Like Tottenham before them, Brendan Rodgers' men are proof that a windfall allows a club to address many departments of the team. Unlike Spurs, they should show that spending does not lead to instability.
Liverpool and Tottenham coming a full circle in contrasting fashion
Liverpool are already wearily familiar with the comparisons. A year ago, Tottenham Hotspur lost the reigning Footballer of the Year and, rather than looking for one replacement, invested the proceeds across the squad. Hyperbolically and famously, it was said that they had “sold Elvis and signed the Beatles.”
Several months later, it appeared that, if Gareth Bale was the White Hart Lane Elvis, Tottenham had spent more than £100 million (Dh600m) purchasing the Bootleg Beatles, instead.
As they failed to realise their ambitions in the Premier League and manager Andre Villas-Boas was unceremoniously sacked, the arrivals were cited as the prime cause of his departure.
Fast forward a year, and Liverpool are in a similar situation. Luis Suarez has gone to Barcelona. Whereas Spurs spent £110m on seven signings in 2013, some £117m has been invested by Liverpool in nine newcomers.
Given Merseyside’s musical traditions, it might have been more appropriate to wonder if they had recruited the Beatles but, extending the same comparison, have they lost Bob Dylan and brought in the Rolling Stones? Or is this another example of quantity proving no substitute for quality?
If the comparison between the clubs is, as Liverpool supporters like to point out, inexact at best, nor is it quite as depressing as it seemed. Christian Eriksen actually excelled last season without altering the perception that Tottenham’s spending spree was an unmitigated failure.
Two of the great underachievers then have begun the current campaign in auspicious fashion. Nacer Chadli scored twice in Sunday’s 4-0 demolition of Queens Park Rangers, while Erik Lamela was the game’s dominant figure.
Tottenham’s record signing only made three league starts last year. He is set to equal that tally in August this time around. Finally injury-free and benefiting from a pre-season at the club, he is also enjoying the regime of a more sympathetic manager, fellow Argentine Mauricio Pochettino.

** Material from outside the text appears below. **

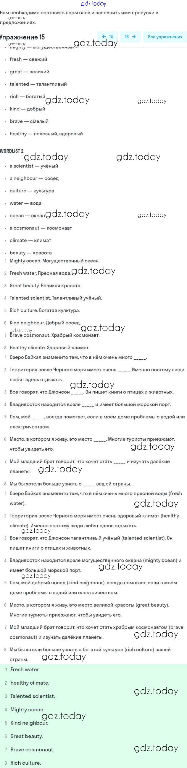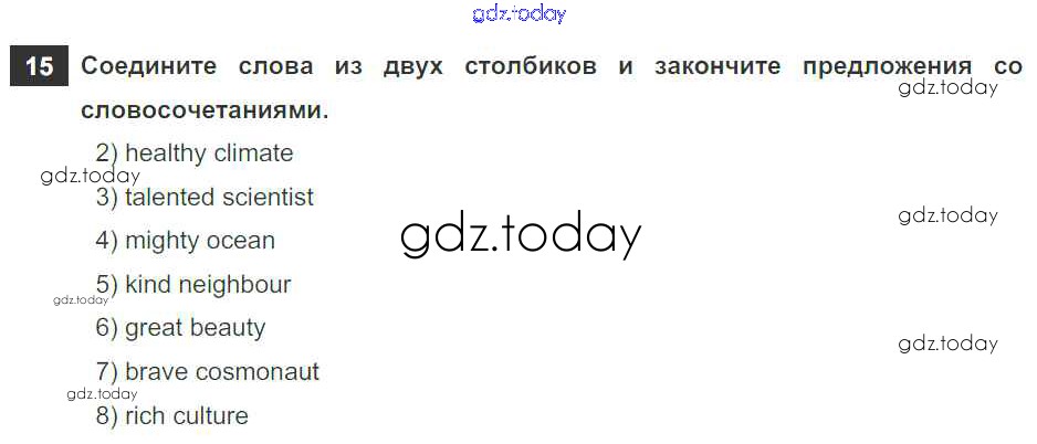 На страницах сайта gdz.today вы найдете учебный и вспомогательный материал, направленный на улучшения знаний школьной программы. ГДЗ - онлайн мир знаний Решение к Unit 6. About Russia 15 Рабочей тетради по Английскому языку для 5 класса Афанасьева, Михеева Дрофа Rainbow 2017

“The past is the past,” said the former Southampton manager last week. It is something Tottenham would rather forget as they embrace a new era. Admittedly, there is still the thorny issue of Roberto Soldado, the £26m striker who does seem to figure in Pochettino’s strongest team, but perhaps there is hope for the Spaniard. Other supposed wastes of money are being rebranded as key players.
The startling element about Tottenham’s 2013 recruitment drive remains the fact that so much was committed to players who were all utterly untried in England.
There is a significant difference in Premier League pedigree among the Liverpool additions, as Pochettino knows well. Dejan Lovren, Rickie Lambert and Adam Lallana, who could debut today, were all stalwarts of his Southampton side. Mario Balotelli was a title winner in his Manchester City days.
Moreover, Liverpool have taken a gradual approach to integrating the arrivals. Only two newcomers, Lovren and left-back Alberto Moreno, started Monday’s 2-1 loss to Manchester City. They formed the left half of the defence and, perhaps not surprisingly, it was an area where Brendan Rodgers’s side struggled. It may take time for a new-look partnership to gel.
The concerns are different. Twelve months ago, Spurs looked to recalibrate the attack around Soldado and only scored nine goals in their first 12 games. Now, even shorn of Suarez, Liverpool should prove far more prolific.
They still have Daniel Sturridge to lead the line. Lambert has been deployed as an impact substitute so far and, since Balotelli has not made a competitive appearance since the World Cup, he is unlikely to start at White Hart Lane, either.
Instead, their immediate issues are primarily defensive. Like Tottenham before them, they are proof that a windfall allows a club to address many departments of the team. Unlike Spurs, they should show that spending does not lead to instability.
Because this is a fixture that had dramatic consequences. Villas-Boas was sacked two days after Liverpool’s 5-0 win at White Hart Lane. Their 4-0 victory at Anfield did serious damage to Tim Sherwood’s hopes of keeping the post.
It wasn’t about the Beatles, as much as the scale of their beatings.